Suara denting logam menggema di sebuah workshop kerajinan perak di Kotagede, Yogyakarta. Di atas landasan besi, lempengan perak ditempa perlahan oleh tangan-tangan terampil. Sementara di sudut lain asap patri mengepul halus, berpadu dengan aroma logam panas yang menguar di udara.
Pemandangan ini menjadi pengalaman berkesan bagi Ali Matough Ali Essa, mahasiswa University of Glasgow, Inggris. Raut muka penuh kekaguman nampak jelas di wajah pria asal Libya ini ketika melihat proses produksi industri perak untuk pertama kalinya di salah satu industri kerajinan perak Yogyakarta, HS Silver.
“Melihat langsung bagaimana perhiasan dibuat dengan tangan dan ketekunan yang luar biasa itu adalah pengalaman yang langka,” ungkapnya belum lama ini di sela-sela field trip peserta Global Summer Week 2025 yang diselenggarakan FEB UGM beberapa ke beberapa industri di Yogyakarta.

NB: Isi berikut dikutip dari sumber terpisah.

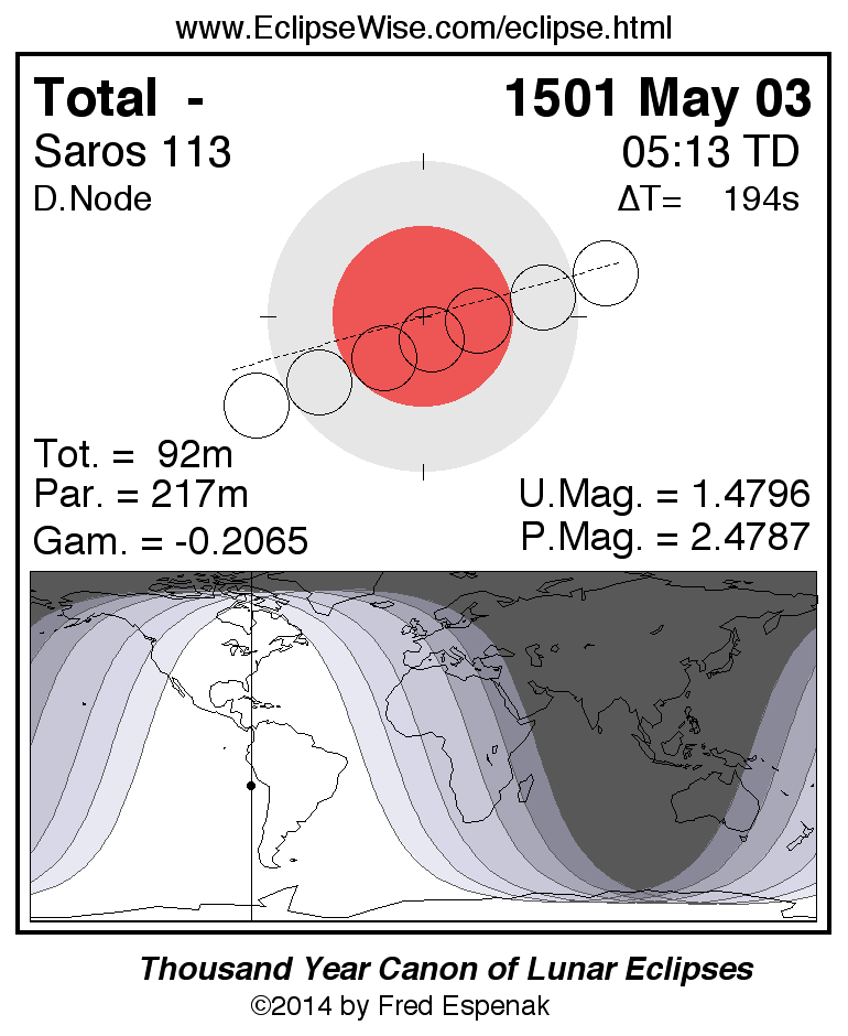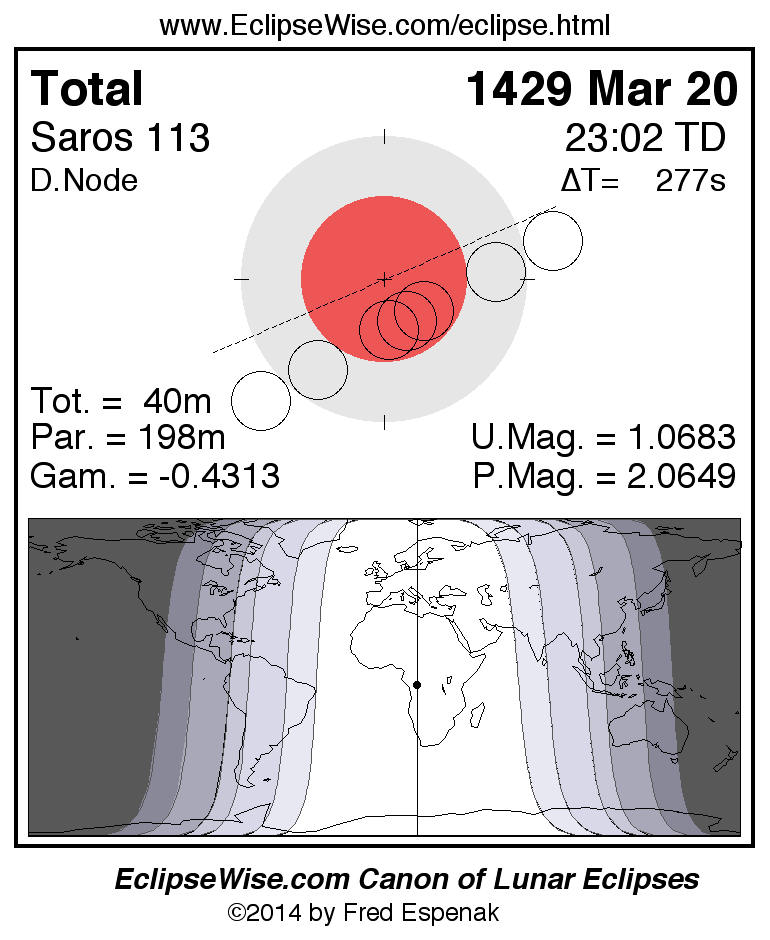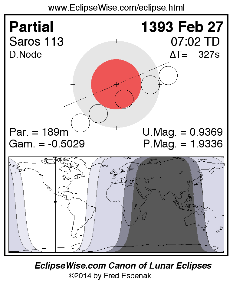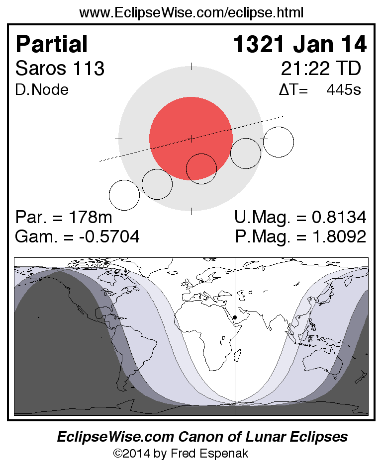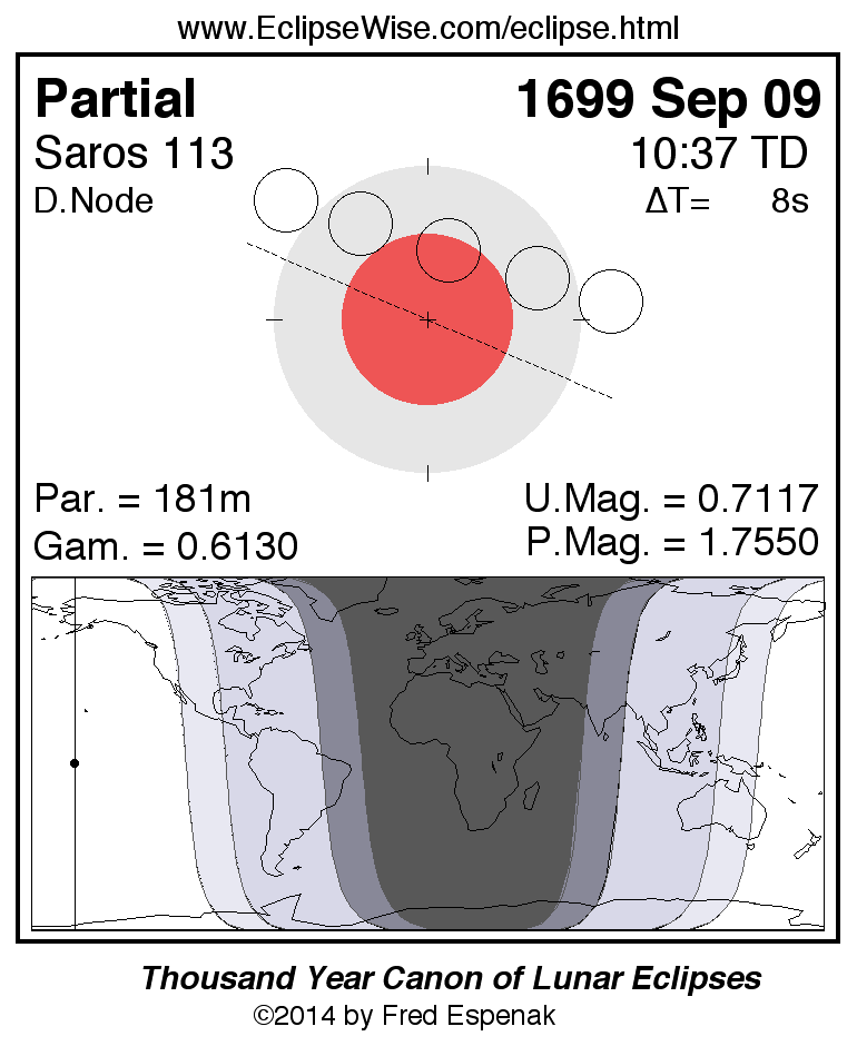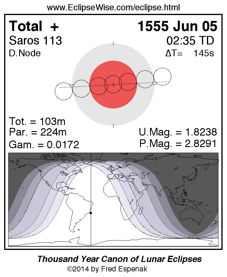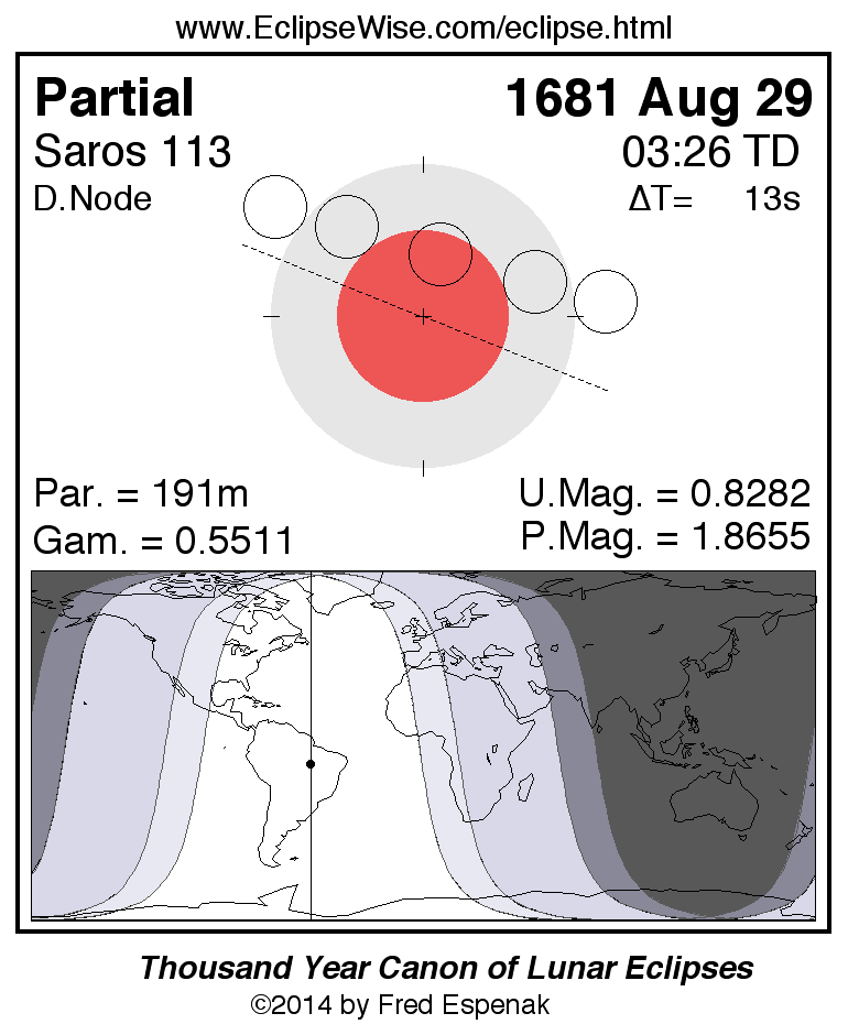 A panorama of all lunar eclipses belonging to Saros 113 is presented here. Each figure shows the Moon's path with respect to Earth's penumbral and umbral shadows. Below the path is a map depicting the geographic region of visibility for the eclipse. The date and time are given for the instant of Greatest Eclipse. Every figure serves as a hyperlink to the EclipseWise Prime page for that eclipse with a larger figure and complete details for the eclipse. Visit the Key to Lunar Eclipse Figures for a detailed explanation of these diagrams. Near the bottom of this page are a series of hyperlinks for more on lunar eclipses.

Selain melihat proses bisnis di industri kerajinan perak, sebelumnnya mahasiswa diajak berkunjung ke PT Sarihusada Generasi Mahardhika (SGM) Prambanan Factory, sebuah perusahaan yang memproduksi berbagai produk nutrisi untuk ibu hamil & menyusui dan anak. Mereka diajak berkeliling pabrik untuk melihat bagaimana proses produksi susu, pengemasan yang melewati pengecekan berlapis, hingga penyimpanan produk di gudang.
Dewi Puspitasari, mahasiswa jurusan Bisnis Digital Universitas Negeri Surabaya berdecak kagum saat mengetahui bahwa bahan yang tak lolos standar bukan dibuang, bahan melainkan diolah menjadi pakan ternak. “Inovasi zero waste-nya luar biasa. Ini bentuk nyata keberlanjutan yang nyata,” ucapnya antusias.
Di lain hari peserta GSW 2025 juga diajak berkunjung ke Paradise Batik, sebuah industri tekstil yang mengusung prinsip green industry ramah lingkungan. Di sinilah para peserta mengenal lebih dalam tentang prinsip green industry yang mereka dengar dalam kelas. Pada kunjungan itu, mereka melihat bagaimana perusahaan ini memanfaatkan kain perca batik diubah menjadi busana baru yang menarik dan bernilai jual.
Namun yang paling memukau adalah ketika mereka tiba di area mencanting dimana proses menggambar motif batik dengan malam panas di atas kain mori dilakukan. Mikkel Stjernholm Micheelsen, mahasiswa dari Copenhagen Business School, mencobanya langsung.
“Mencanting ternyata sangat menantang. Ini tidak sesederhana melukis di kanvas karena lilin cair dapat meluber jika tidak hati-hati. Saya jadi lebih menghargai kerumitan batik,” ucapnya.
Nurul Natasya binti Ismayudin, mahasiswa University of Canterbury turut menyampaikan kekagumannya terhadap batik. Menurutnya, batik adalah seni yang sangat istimewa karena membutuhkan banyak kesabaran dan fokus untuk menciptakan desain dan hasil akhir yang begitu indah.
“Setiap polanya yang unik dan memiliki makna di balik setiap desainnya. Benar-benar menunjukkan kekayaan budaya Yogyakarta,” ucapnya.
Destinasi terakhir dalam rangkaian eksplorasi bisnis ini adalah Rumah Sakit Akademik (RSA) UGM. Disini peserta diajak mengenal lebih dekat bagaimana RSA UGM mengintegrasikan pelayanan kesehatan, inovasi teknologi medis, dan pariwisata kesehatan dalam satu ekosistem pelayanan.
Field trip ini merupakan bagian dari Business Immersion Project dalam program Global Summer Week 2025. Melalui pengalaman langsung di industri, para peserta tidak hanya memperluas wawasan tentang praktik bisnis berkelanjutan, tetapi juga mendapatkan inspirasi nyata tentang bagaimana nilai-nilai keberlanjutan dapat diintegrasikan dalam kegiatan ekonomi. Pendekatan ini diharapkan dapat memperkuat pemahaman mereka sebagai calon pemimpin masa depan yang peduli terhadap dampak sosial dan lingkungan.